(Data provided):
┌────────

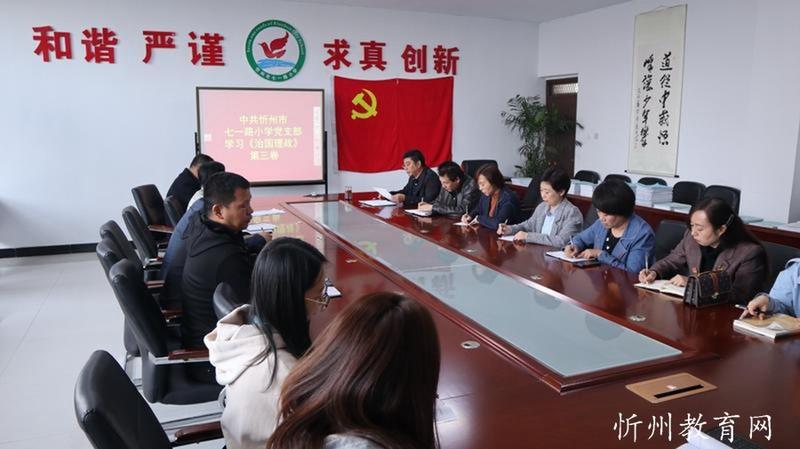 忻州市七一路小学网讯:10月19日,中共忻州市七一路小学党支部专题学习《习近平谈治国理政》第三卷。党支部书记靳茂文作专题报告,全体党员参加了会议,会议由党办主任史小荣主持。
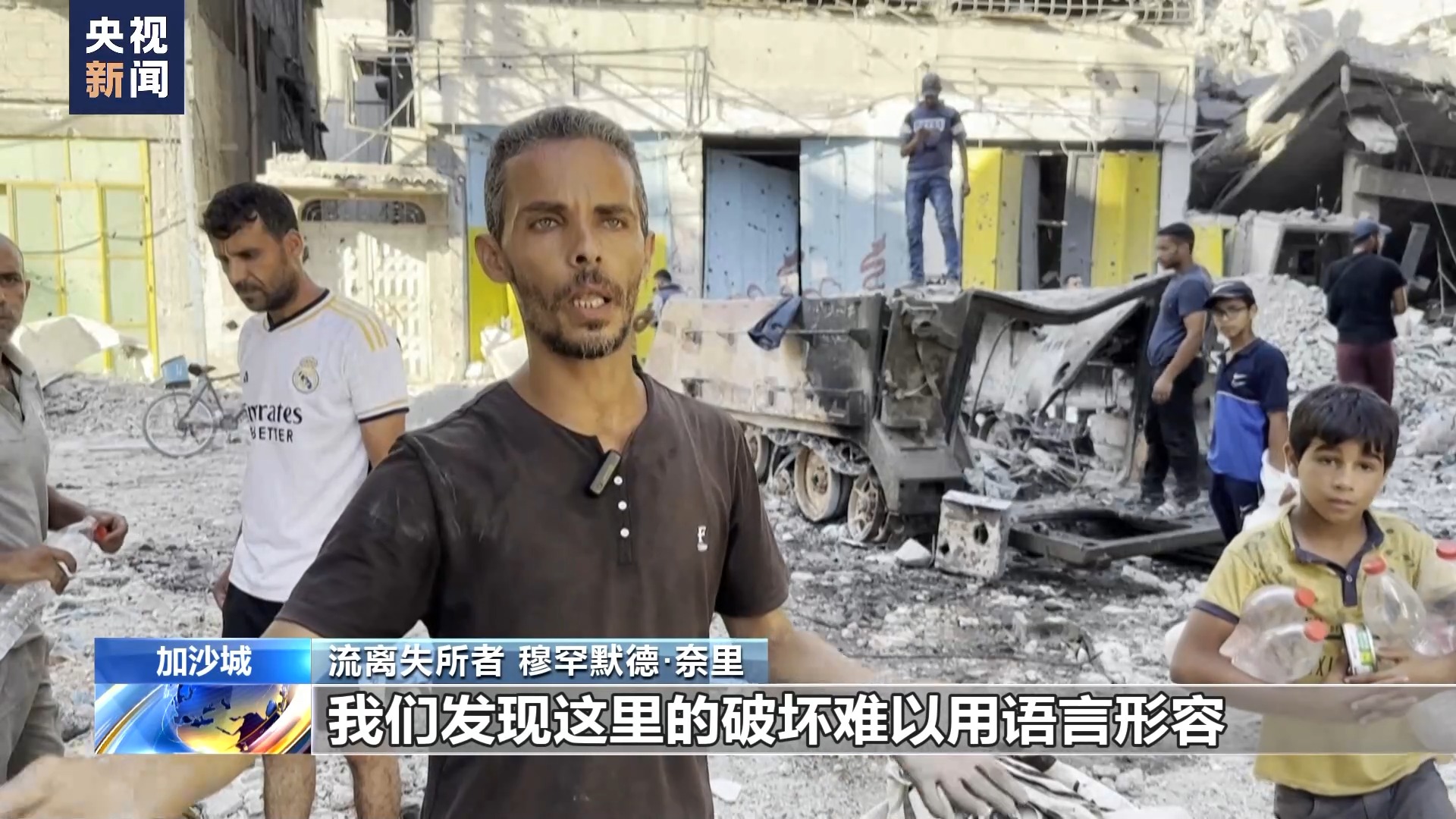 流離失所者 哈特姆·塔伊:離開(kāi)15天后,我們回到了舒賈亞。你看看這破壞,以軍什么都沒(méi)放過(guò),連樹(shù)都沒(méi)放過(guò),這里曾經(jīng)有很多綠植。石頭和樹(shù)做錯(cuò)了什么呢?我作為一個(gè)平民又做錯(cuò)了什么呢?這里發(fā)現(xiàn)了很多平民的遺體。平民們做錯(cuò)了什么呢?你們(以軍)正在對(duì)誰(shuí)作戰(zhàn)呢?是對(duì)平民嗎?還是對(duì)誰(shuí)呢?你們正在摧毀一切。
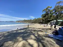 Hinsby Beach is a beach along the River Derwent in the Hobart suburb of Taroona, Australia. The south facing beach looks directly out to Storm Bay and the Tasman Sea, with views of the Derwent estuary, the Alum Cliffs, Taroona Shot Tower, the City of Clarence on the eastern shore and Opossum Bay, South Arm. Hinsby Beach is situated between the Alum Cliffs and Taroona Beach.[2] A naturally secluded section of the beach, beyond the rocky south-western outcrop is a zoned naturist beach.[3]
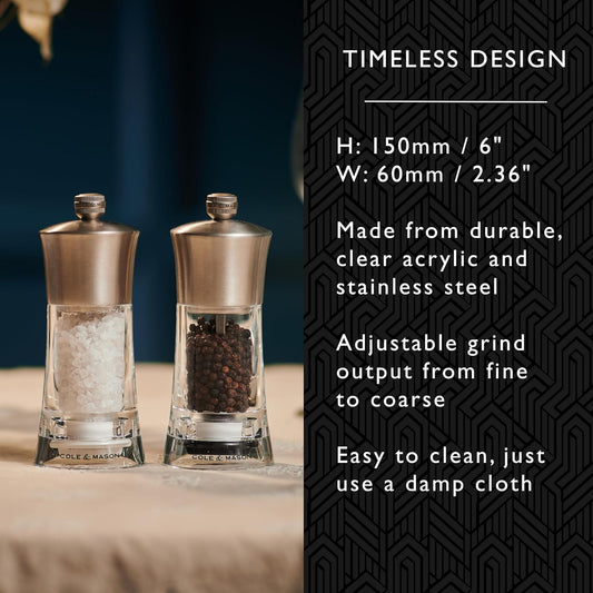 Cole & Mason Bromley Salt & Pepper Mill Gift Set, 6" - Salt & Pepper Grinders with Ultra-Sharp Grinding Mechanisms - Refillable Mills & Spice Shakers with Adjustable Grinding - Acrylic Gift Set

└────────

(Your objective):
Would you retype the material exactly, omitting each picture?

(The completed task):
 忻州市七一路小学网讯:10月19日,中共忻州市七一路小学党支部专题学习《习近平谈治国理政》第三卷。党支部书记靳茂文作专题报告,全体党员参加了会议,会议由党办主任史小荣主持。
 流離失所者 哈特姆·塔伊:離開(kāi)15天后,我們回到了舒賈亞。你看看這破壞,以軍什么都沒(méi)放過(guò),連樹(shù)都沒(méi)放過(guò),這里曾經(jīng)有很多綠植。石頭和樹(shù)做錯(cuò)了什么呢?我作為一個(gè)平民又做錯(cuò)了什么呢?這里發(fā)現(xiàn)了很多平民的遺體。平民們做錯(cuò)了什么呢?你們(以軍)正在對(duì)誰(shuí)作戰(zhàn)呢?是對(duì)平民嗎?還是對(duì)誰(shuí)呢?你們正在摧毀一切。
 Hinsby Beach is a beach along the River Derwent in the Hobart suburb of Taroona, Australia. The south facing beach looks directly out to Storm Bay and the Tasman Sea, with views of the Derwent estuary, the Alum Cliffs, Taroona Shot Tower, the City of Clarence on the eastern shore and Opossum Bay, South Arm. Hinsby Beach is situated between the Alum Cliffs and Taroona Beach.[2] A naturally secluded section of the beach, beyond the rocky south-western outcrop is a zoned naturist beach.[3]
 Cole & Mason Bromley Salt & Pepper Mill Gift Set, 6" - Salt & Pepper Grinders with Ultra-Sharp Grinding Mechanisms - Refillable Mills & Spice Shakers with Adjustable Grinding - Acrylic Gift Set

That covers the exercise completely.